» **TASK INSTRUCTIONS**
Would it be possible to output exactly, and only, the lines below from the one holding "НЕМУХИН Владимир Николаевич" to the last line, both included, with every picture left out?

» **INFORMATION PROVIDED**
***

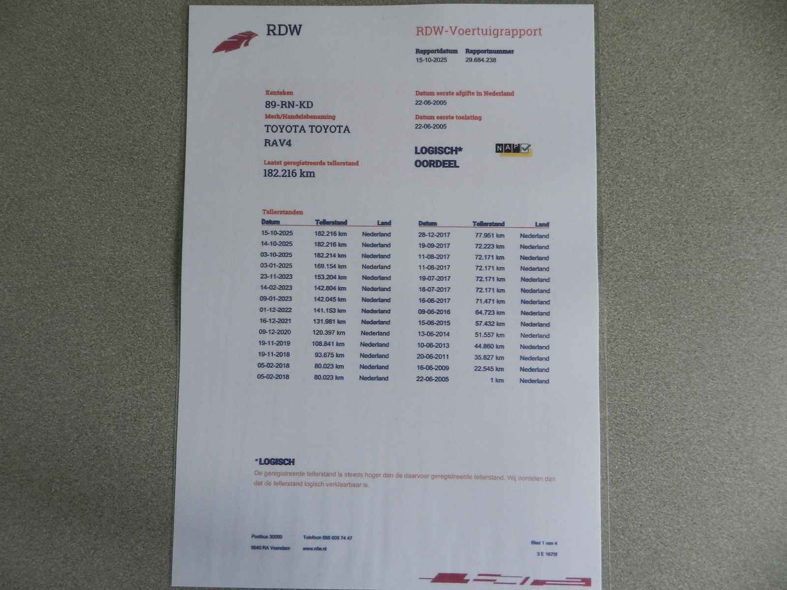 Bij al onze auto`s is een RDW voertuig (teller) rapport (nationale autopas) aanwezig.
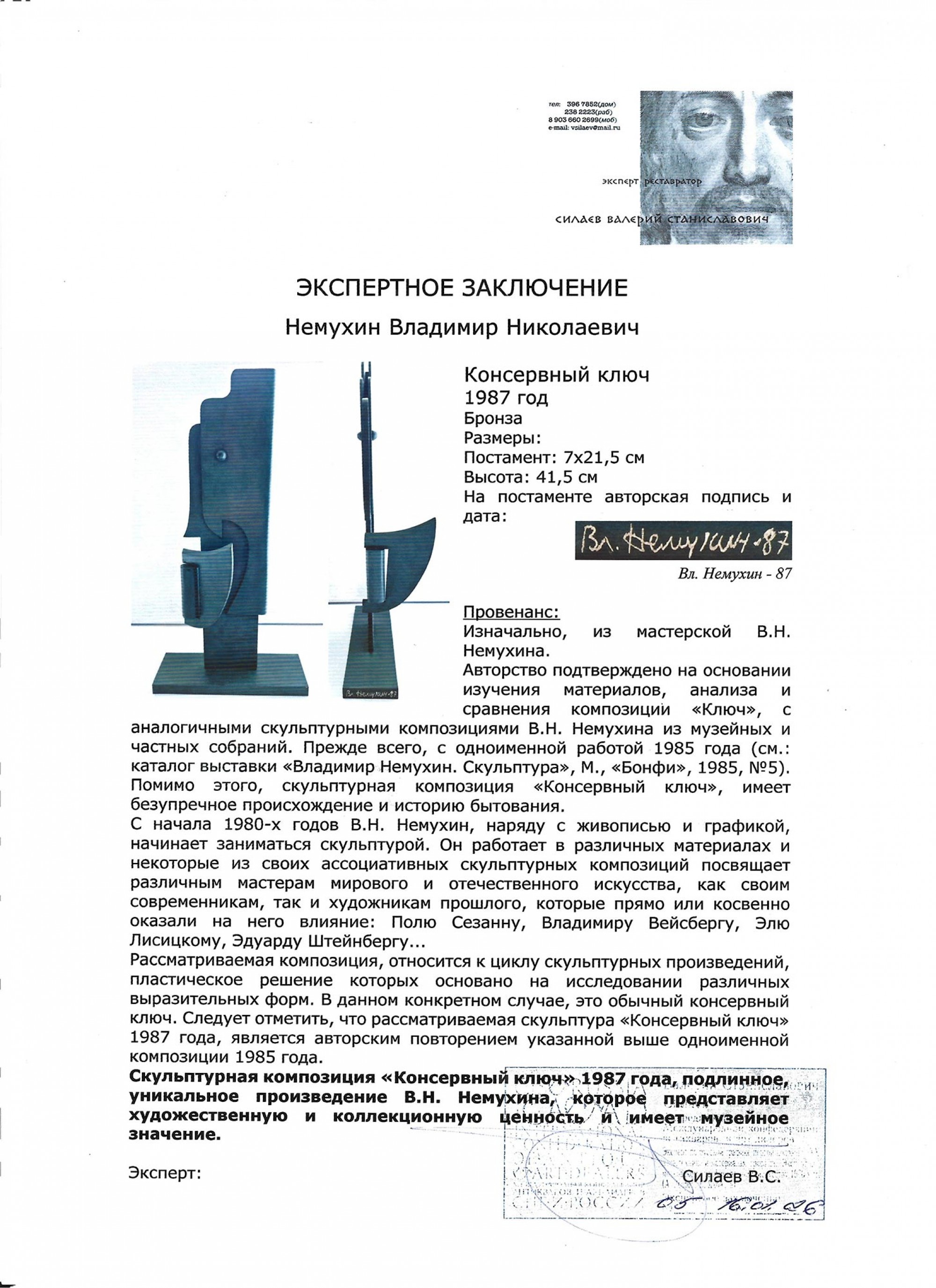 НЕМУХИН Владимир Николаевич (1925–2016) Консервный ключ. 1987
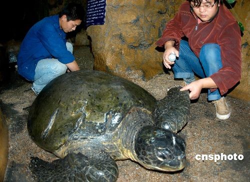 11月22日,绿海龟静静趴在温度适宜的暂养池里,水族馆技术人员用药为它治疗伤口。日前,江苏连云港市连岛水族馆收治了一只巨型绿海龟,经过几日精心救治,这位超过100岁的老寿星会慢慢地将头抬起来。据介绍,这只海龟长约160厘米,宽约100厘米,头部、右前方和左后方龟盖上有明显伤痕,可能是在海水里被螺旋桨划伤的,伸手触摸可以摸到肉,在刚接来时右后腿还在流血,眼睛也受感染。水族馆收治后,派三位专人悉心照料,待伤情恢复后再放归大海。这只巨型绿海龟是赣榆县宋庄镇渔民在收网时无意中捉到的。中新社发 王春 摄

***

» **SOLUTION BELOW**
 НЕМУХИН Владимир Николаевич (1925–2016) Консервный ключ. 1987
 11月22日,绿海龟静静趴在温度适宜的暂养池里,水族馆技术人员用药为它治疗伤口。日前,江苏连云港市连岛水族馆收治了一只巨型绿海龟,经过几日精心救治,这位超过100岁的老寿星会慢慢地将头抬起来。据介绍,这只海龟长约160厘米,宽约100厘米,头部、右前方和左后方龟盖上有明显伤痕,可能是在海水里被螺旋桨划伤的,伸手触摸可以摸到肉,在刚接来时右后腿还在流血,眼睛也受感染。水族馆收治后,派三位专人悉心照料,待伤情恢复后再放归大海。这只巨型绿海龟是赣榆县宋庄镇渔民在收网时无意中捉到的。中新社发 王春 摄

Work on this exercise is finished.